Comprehensive 12-task design: The three-dimensional evaluation framework—covering process, outcome, and criticism—substantially surpasses existing benchmarks that rely solely on pairwise comparison.
Dual filtering mechanism: Answering correctly without images indicates low quality; answering correctly with images indicates insufficient difficulty.
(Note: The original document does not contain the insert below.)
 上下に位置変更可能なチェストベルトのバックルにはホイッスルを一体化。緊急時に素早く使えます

This ensures that only high-quality, high-difficulty samples are retained.
Innovation of the Confidence Misdirection task: Tests whether models are misled by confidence-laden expressions such as "definitely" and "without a doubt."
Practical value of Forecasting Future: The ability to predict reasoning correctness early could significantly accelerate TTS inference.

Limitations & Future Work¶

Reasoning processes are generated by QVQ-72B-preview, which may introduce biases inherent to that model.
Mathematical reasoning samples dominate the dataset; hallucination and multi-image samples are comparatively scarce.
Using GPT-4o as the judge for criticism-based tasks introduces a risk of evaluator bias.
The benchmark currently evaluates only text-form reward models and does not consider scalar-valued RMs.
The absence of a dynamic update mechanism means models may overfit to a fixed test set over time.
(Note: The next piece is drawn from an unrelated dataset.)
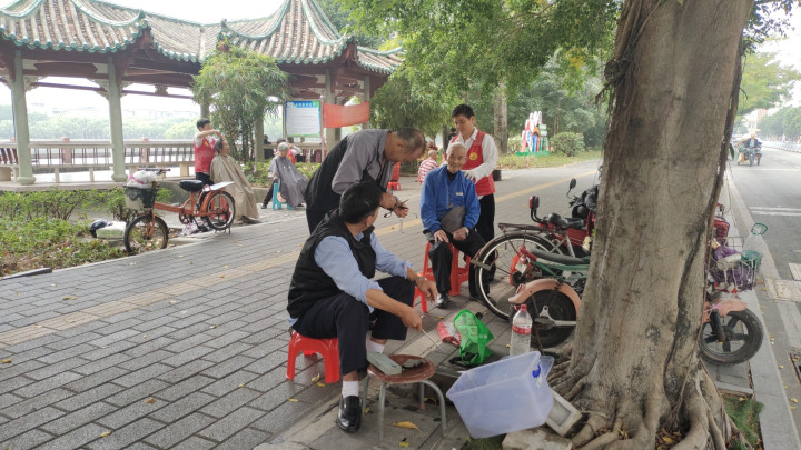 管事面孔包括剪发、磨刀、筷子理疗等,各项行径有序开展。志愿者区年老艰难连续,刚理完发又回身为民众磨刀;陈大夫的筷子理疗管事尤其受接待,不少住户早晨7点多便前来列队。一位大叔历程数次理疗后,手臂行径智商光显改善,连连向志愿者暗意感谢;还有民众成心从大泽镇赶来,暗意理疗后寝息和头部不适问题得到缓解,即便等候两小时也相配值得,并陈赞志愿者是“新期间的活雷锋”。

PRMBench: Fine-grained evaluation of process reward models in the text-only domain.
VLRewardBench: The first vision-language RM benchmark, but limited to a single task type.
ProcessBench: Mathematical reasoning evaluation for step-level error detection.
Insight: Evaluating the capabilities of reward models requires a multi-dimensional framework such as VLRMBench; single-task evaluation (e.g., pairwise comparison) is far from sufficient.

Rating¶

Novelty: ⭐⭐⭐⭐ First comprehensive VLRM benchmark with a uniquely designed set of 12 tasks.
Experimental Thoroughness: ⭐⭐⭐⭐⭐ Extensive evaluation across 26 models, analyzed in four groups (small/medium/large/closed-source).
Writing Quality: ⭐⭐⭐⭐ Task designs are clearly articulated, with rich tables and figures.
Value: ⭐⭐⭐⭐ Fills the gap in comprehensive VLRM evaluation and exposes critical weaknesses of current models.